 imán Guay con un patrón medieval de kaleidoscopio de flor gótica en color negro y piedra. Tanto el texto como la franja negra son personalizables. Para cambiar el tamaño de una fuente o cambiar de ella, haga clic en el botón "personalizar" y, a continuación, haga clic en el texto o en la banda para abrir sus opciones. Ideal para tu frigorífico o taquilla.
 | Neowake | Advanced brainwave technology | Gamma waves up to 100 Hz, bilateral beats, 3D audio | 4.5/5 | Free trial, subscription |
...
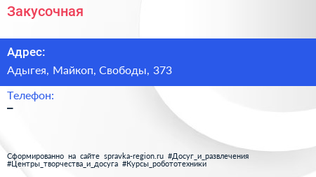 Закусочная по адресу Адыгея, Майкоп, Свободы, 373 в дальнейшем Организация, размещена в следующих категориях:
* * *
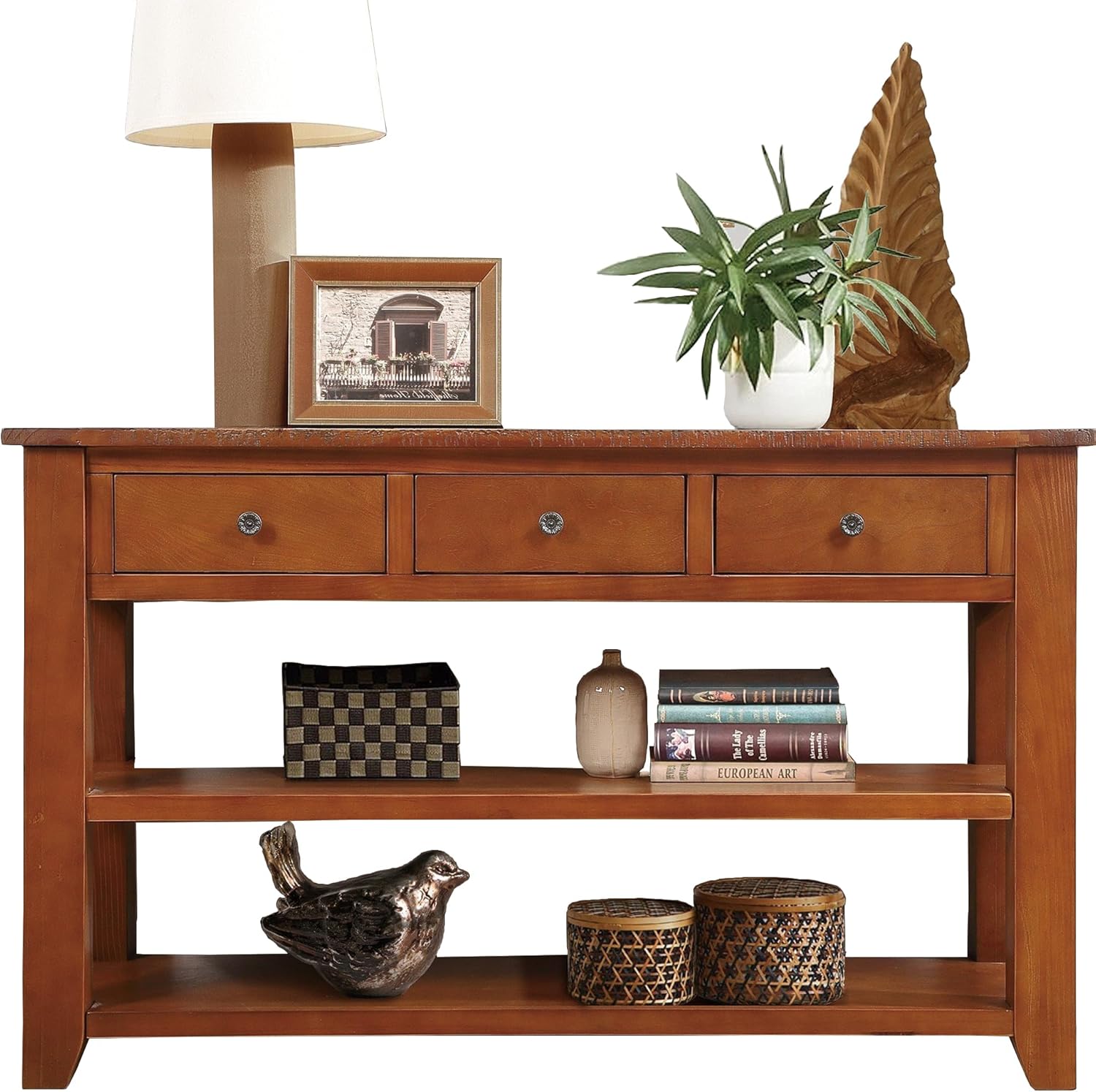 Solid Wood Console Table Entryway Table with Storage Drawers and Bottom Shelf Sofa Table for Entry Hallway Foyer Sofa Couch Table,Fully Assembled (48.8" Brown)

▶ [Problem requirements]: Copy the lines of the data above exactly as written, beginning with the line containing "imán Guay con" and ending with the line containing "trial, subscription |", and leave out all other lines.

▶ [Response]:
 imán Guay con un patrón medieval de kaleidoscopio de flor gótica en color negro y piedra. Tanto el texto como la franja negra son personalizables. Para cambiar el tamaño de una fuente o cambiar de ella, haga clic en el botón "personalizar" y, a continuación, haga clic en el texto o en la banda para abrir sus opciones. Ideal para tu frigorífico o taquilla.
 | Neowake | Advanced brainwave technology | Gamma waves up to 100 Hz, bilateral beats, 3D audio | 4.5/5 | Free trial, subscription |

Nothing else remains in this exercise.